It seems so simple, but we’re in a real arms race regarding virtualization techniques and technologies.

The difficulty is not so much to get something working, the main problem is to find the right tool for the right job.

Here I try to get a little order into the confusing forest of different technologies, maybe just to have something to use myself.

VMware, HyperV etc. pp

You could call this “legacy virtualization”. Big, chunky virtual machines, sharing resources with other virtual machines. We’ve had them since the 90s and they’re quite robust by now (well, HyperV being the newcomer isn’t that stable, but they’re working on it).

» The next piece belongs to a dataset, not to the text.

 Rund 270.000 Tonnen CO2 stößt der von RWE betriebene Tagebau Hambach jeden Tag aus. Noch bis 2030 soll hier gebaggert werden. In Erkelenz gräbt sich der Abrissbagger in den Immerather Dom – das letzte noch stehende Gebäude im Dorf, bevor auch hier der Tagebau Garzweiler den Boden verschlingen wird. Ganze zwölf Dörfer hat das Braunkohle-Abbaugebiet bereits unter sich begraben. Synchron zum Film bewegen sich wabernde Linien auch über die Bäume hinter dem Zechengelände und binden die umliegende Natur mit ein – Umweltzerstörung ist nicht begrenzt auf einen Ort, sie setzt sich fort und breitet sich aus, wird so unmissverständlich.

To be used: as a hardware server replacement as long as it doesn’t need “excess” amounts of:

  • CPU
  • memory
  • I/O

Explanation: if it uses much of one or more of the resources given, your VM will have an impact on other VMs on the same host, or it will be throttled. You don’t want either of those.

Vagrant

Can be used to provide “legacy virtualization” VMs in a half-automated manner, with possibilities to update a kind of template (the box) for whole groups of servers.

Usable in training or testing, but I wouldn’t build a production service on it. Why? For starters, rollback is - if possible - a real pain-in-the-behind process. Not that it should be, there is versioning and stuff but it’s not as easy as telling vagrant to just use the one-older-than-newest version of that image to build your service. It’s more of an automated way to build predefined VM installations.

Docker

Buzzword-bingo! Containers are in everybody’s mouth and on everybody’s machines. The question is if it is a technology to build your operations on. I’d argue that it is as long as you lock everything down, which in turn removes most of the advantages of containers.

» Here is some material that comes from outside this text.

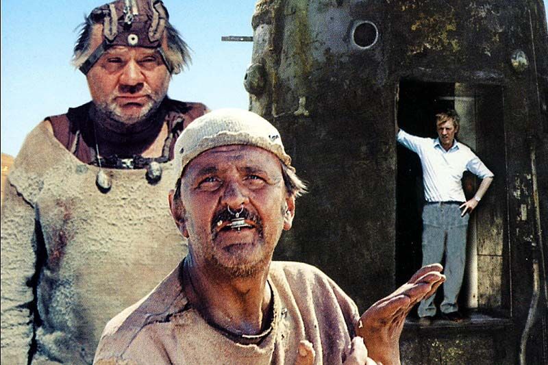 Особняком в советском кинематографе стоит фильм Данелии «Кин-дза-дза!» 1986 года, снятый в жанре антиутопии. Он не только смешной, но и имеет огромный политический подтекст. Действие происходит на планете Плюк в галактике Кин-дза-дза. Там нет растений и животных, техника заржавела, вода превращена в топливо, а жители едят пластик. Население делится на две категории – привелигированные «чатлане» и бесправные «пацаки». Последние обязаны носить в носу колокольчик, а встречая чатланина приседать перед ним и говорить «Ку!». На планете Плюк оказывается советских гражданин, который вышел купить макароны, а попал в другую галактику. Фильм несколько трагичный, хотя в нем много комических ситуаций, и его просмотр доставит настоящее удовольствие. К тому же многие слова из языка планеты Плюк попали в разговорную русскую речь и стали устойчивыми выражениями. Посмотрев картину вы, как минимум, будете знать, в чем преимущество малиновых штанов и какую ценность имеют спички.

There’s one exception: dynamic services (think kubernetes or swarm or something like that). If you have a (preferably stateless) service that can grow and shrink more or less on its own (this may come as a shock, but most can’t) there’s a lot of potential that containers can leverage underlying infrastructure to some kind of breathing mechanism.

However, techniques and software to do that are still quite young, and thus not that well tested.

Oh, btw. the technology itself isn’t that new, heard of BSD jails before? Yup, same thing.